STORY

「たぶん、この世界に逃げるところなんてどこにもないんだ」

歴史の狭間で暗殺を請け負ってきた極秘組織「会」。偶然その殺人現場を目撃してしまった少女・小松喜多見は「会」に拉致され殺されそうになる。彼女に残された唯一の希望は、繋がったままの携帯電話。だが電話の相手はごく普通の少年、同級生の高塚永児だった…。果たして彼らの運命は!? 十代の殺し屋たちの凄絶な死闘を描く、鮮烈シリーズ!

KEYWORD

 このシリーズの唯一無二の魅力はどこにあるんだろう。考えた結果、「胸を締めつける痛み」だと思い至りました。確かな筆力が生む登場人物への深い共感、学校生活の思い出が呼ぶ甘さとほろ苦さ。心を掴まれて離してくれない、独特の面白さがある、と思います。
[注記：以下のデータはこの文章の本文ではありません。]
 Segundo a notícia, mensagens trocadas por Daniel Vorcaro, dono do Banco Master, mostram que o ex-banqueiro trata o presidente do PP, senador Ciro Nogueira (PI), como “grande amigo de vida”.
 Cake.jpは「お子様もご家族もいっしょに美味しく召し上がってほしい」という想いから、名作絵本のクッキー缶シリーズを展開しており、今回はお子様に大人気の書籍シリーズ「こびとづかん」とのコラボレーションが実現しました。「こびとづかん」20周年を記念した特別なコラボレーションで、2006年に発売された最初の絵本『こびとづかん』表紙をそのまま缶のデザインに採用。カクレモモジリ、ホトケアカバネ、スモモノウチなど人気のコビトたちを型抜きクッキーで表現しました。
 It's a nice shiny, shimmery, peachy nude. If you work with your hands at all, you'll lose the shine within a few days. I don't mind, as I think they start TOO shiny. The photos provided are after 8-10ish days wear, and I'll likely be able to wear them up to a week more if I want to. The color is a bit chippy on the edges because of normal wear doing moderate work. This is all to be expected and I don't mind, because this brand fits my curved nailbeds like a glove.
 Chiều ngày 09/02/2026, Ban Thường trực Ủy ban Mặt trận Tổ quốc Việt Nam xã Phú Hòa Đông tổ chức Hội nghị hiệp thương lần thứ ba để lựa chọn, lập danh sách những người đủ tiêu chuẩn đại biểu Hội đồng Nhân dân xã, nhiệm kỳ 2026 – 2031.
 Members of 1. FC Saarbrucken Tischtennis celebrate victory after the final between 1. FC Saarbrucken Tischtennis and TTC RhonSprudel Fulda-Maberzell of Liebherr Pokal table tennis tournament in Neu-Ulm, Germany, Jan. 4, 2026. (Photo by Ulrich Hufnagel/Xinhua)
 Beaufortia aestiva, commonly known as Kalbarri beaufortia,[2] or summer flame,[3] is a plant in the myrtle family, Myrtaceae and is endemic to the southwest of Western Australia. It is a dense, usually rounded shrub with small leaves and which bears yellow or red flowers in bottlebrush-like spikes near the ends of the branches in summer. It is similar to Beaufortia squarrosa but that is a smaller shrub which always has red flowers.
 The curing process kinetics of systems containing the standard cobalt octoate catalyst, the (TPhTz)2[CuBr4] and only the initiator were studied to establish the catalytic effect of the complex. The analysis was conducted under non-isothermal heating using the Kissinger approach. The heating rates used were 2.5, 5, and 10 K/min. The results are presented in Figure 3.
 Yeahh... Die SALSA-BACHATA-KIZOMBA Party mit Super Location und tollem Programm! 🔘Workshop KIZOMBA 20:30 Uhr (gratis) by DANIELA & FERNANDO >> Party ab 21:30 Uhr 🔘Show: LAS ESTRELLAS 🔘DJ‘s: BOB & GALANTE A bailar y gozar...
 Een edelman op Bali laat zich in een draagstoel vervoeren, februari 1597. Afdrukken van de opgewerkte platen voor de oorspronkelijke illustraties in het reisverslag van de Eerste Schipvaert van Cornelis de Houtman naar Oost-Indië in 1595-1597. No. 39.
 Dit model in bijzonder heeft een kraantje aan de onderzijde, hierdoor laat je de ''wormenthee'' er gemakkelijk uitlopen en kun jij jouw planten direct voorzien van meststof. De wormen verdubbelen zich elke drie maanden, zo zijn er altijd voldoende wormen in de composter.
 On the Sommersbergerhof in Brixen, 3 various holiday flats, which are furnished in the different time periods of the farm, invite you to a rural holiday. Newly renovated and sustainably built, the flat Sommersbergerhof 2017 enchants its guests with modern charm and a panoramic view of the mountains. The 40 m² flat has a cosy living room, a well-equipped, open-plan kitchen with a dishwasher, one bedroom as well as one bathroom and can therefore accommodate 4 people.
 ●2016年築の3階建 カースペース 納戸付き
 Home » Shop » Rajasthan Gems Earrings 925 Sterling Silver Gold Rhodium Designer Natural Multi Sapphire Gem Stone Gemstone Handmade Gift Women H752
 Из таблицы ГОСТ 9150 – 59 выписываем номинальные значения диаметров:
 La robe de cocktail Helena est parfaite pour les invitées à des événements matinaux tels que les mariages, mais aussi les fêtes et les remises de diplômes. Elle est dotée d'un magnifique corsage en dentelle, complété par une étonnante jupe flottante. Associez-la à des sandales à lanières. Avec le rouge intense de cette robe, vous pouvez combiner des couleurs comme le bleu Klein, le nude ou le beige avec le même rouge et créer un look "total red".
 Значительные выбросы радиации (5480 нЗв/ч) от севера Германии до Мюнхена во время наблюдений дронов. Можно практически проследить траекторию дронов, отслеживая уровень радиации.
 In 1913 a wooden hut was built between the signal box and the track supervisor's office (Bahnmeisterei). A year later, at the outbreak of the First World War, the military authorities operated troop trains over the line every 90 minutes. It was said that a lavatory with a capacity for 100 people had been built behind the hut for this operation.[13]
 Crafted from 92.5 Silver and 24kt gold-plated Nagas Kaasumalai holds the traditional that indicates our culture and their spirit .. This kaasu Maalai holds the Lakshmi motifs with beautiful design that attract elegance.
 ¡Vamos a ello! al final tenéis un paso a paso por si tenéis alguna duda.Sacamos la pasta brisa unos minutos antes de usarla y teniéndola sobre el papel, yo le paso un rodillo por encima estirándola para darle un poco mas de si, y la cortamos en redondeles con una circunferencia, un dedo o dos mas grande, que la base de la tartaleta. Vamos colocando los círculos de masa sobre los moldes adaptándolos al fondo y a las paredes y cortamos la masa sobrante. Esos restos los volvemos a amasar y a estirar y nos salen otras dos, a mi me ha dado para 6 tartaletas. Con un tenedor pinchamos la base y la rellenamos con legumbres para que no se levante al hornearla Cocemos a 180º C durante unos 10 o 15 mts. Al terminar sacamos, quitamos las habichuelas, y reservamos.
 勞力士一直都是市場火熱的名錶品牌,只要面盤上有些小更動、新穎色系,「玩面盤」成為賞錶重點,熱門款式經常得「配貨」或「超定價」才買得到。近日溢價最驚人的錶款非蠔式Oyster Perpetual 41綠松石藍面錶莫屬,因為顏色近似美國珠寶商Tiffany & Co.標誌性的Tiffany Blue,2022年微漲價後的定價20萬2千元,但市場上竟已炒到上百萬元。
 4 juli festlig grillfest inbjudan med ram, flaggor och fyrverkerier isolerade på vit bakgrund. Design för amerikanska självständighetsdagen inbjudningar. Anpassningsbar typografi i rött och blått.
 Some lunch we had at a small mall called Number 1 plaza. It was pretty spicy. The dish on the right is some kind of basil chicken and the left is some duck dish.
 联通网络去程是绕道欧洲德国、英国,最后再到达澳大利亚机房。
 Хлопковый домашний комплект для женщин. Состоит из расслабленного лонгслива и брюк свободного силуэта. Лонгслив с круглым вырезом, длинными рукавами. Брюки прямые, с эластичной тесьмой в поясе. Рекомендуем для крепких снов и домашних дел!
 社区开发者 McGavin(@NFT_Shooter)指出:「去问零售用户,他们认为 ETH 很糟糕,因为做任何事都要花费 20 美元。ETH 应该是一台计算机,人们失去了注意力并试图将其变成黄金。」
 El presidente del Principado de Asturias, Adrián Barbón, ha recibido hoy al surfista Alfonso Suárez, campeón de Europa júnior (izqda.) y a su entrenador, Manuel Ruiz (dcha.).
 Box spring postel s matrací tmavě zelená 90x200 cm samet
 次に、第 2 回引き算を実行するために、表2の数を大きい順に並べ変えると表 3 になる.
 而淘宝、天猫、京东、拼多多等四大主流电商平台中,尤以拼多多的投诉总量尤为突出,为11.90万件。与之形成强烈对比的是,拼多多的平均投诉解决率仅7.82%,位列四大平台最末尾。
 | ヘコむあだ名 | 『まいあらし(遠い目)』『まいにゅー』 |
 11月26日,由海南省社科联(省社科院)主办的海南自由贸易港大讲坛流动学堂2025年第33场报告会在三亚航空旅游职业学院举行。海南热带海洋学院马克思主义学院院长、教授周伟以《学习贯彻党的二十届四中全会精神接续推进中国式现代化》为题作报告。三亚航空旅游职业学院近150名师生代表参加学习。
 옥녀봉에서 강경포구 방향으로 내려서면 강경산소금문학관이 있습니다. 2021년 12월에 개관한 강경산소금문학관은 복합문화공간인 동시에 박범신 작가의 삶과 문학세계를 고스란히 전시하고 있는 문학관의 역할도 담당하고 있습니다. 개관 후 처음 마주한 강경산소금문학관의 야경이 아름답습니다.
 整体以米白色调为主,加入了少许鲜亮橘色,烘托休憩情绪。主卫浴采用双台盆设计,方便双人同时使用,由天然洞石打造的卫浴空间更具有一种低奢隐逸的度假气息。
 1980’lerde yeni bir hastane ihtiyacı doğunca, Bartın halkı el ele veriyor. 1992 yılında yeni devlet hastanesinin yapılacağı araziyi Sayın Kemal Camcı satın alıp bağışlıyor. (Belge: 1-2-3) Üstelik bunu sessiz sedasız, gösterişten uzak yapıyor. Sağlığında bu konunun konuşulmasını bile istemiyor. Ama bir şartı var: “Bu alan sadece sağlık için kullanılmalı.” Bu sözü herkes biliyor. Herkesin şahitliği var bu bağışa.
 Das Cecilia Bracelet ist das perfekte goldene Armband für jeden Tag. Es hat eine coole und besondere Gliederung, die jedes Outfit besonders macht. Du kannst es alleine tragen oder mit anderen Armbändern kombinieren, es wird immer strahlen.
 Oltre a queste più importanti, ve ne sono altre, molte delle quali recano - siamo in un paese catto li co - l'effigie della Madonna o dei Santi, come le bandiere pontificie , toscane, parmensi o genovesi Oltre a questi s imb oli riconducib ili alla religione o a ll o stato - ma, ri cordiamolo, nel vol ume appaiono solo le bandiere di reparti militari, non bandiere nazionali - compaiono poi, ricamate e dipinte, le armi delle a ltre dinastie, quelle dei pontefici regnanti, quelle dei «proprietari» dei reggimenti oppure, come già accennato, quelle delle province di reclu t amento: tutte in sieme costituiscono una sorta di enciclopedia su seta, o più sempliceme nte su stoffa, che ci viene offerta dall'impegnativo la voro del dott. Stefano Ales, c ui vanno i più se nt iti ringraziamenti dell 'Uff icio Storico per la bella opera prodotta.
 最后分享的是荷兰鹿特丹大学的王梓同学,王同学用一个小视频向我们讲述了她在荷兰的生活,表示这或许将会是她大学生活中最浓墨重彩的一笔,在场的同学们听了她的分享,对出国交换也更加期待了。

 10代の少年少女たちがそれぞれの理由で戦い殺し合うという非日常的なストーリーながら、力強い臨場感とがっつり感情移入を迫られる確かな筆力がすごいです。生と死、ほのかな温かさと凍てつく冷たさの中で主人公の男の子とヒロインが揺さぶられ、もがきながらも生きていく、ありそうでなかった青春(?)小説です。

心に響く、胸に刺さる resonate.

色鮮やかな絶望 hopless.

 読んでいるこっちが押しつぶされそうなくらい、この作者さんは”絶望”を描くのが上手です。主人公の永児は、お父さんが死んでしまって、お姉さんは自殺未遂で植物状態、お母さんは心の均衡を崩している。ヒロインの喜多見は両親を事故で失って、肩身の狭い思いをしながら親族の間を転々としている。そんなただでさえ辛い状況に置かれた二人が更に命を狙われるだなんて、どれだけ無慈悲なのか…。
 巻を重ねるごとに永児は迫り来る敵を倒していきます。しかしそれは成長ではありません。永児は全く強くなんか無くて、それでも守りたいと思うものの為に、何かを失いながら傷つきながら戦っていく。少しずつ彼の大切な何かが削れていく様が痛々しくて、「休ませてあげて…」と読んでて苦しくなります。後述しますが、彼の悲痛なモノローグが読んでて痛ましくて、惹き付けられるのです。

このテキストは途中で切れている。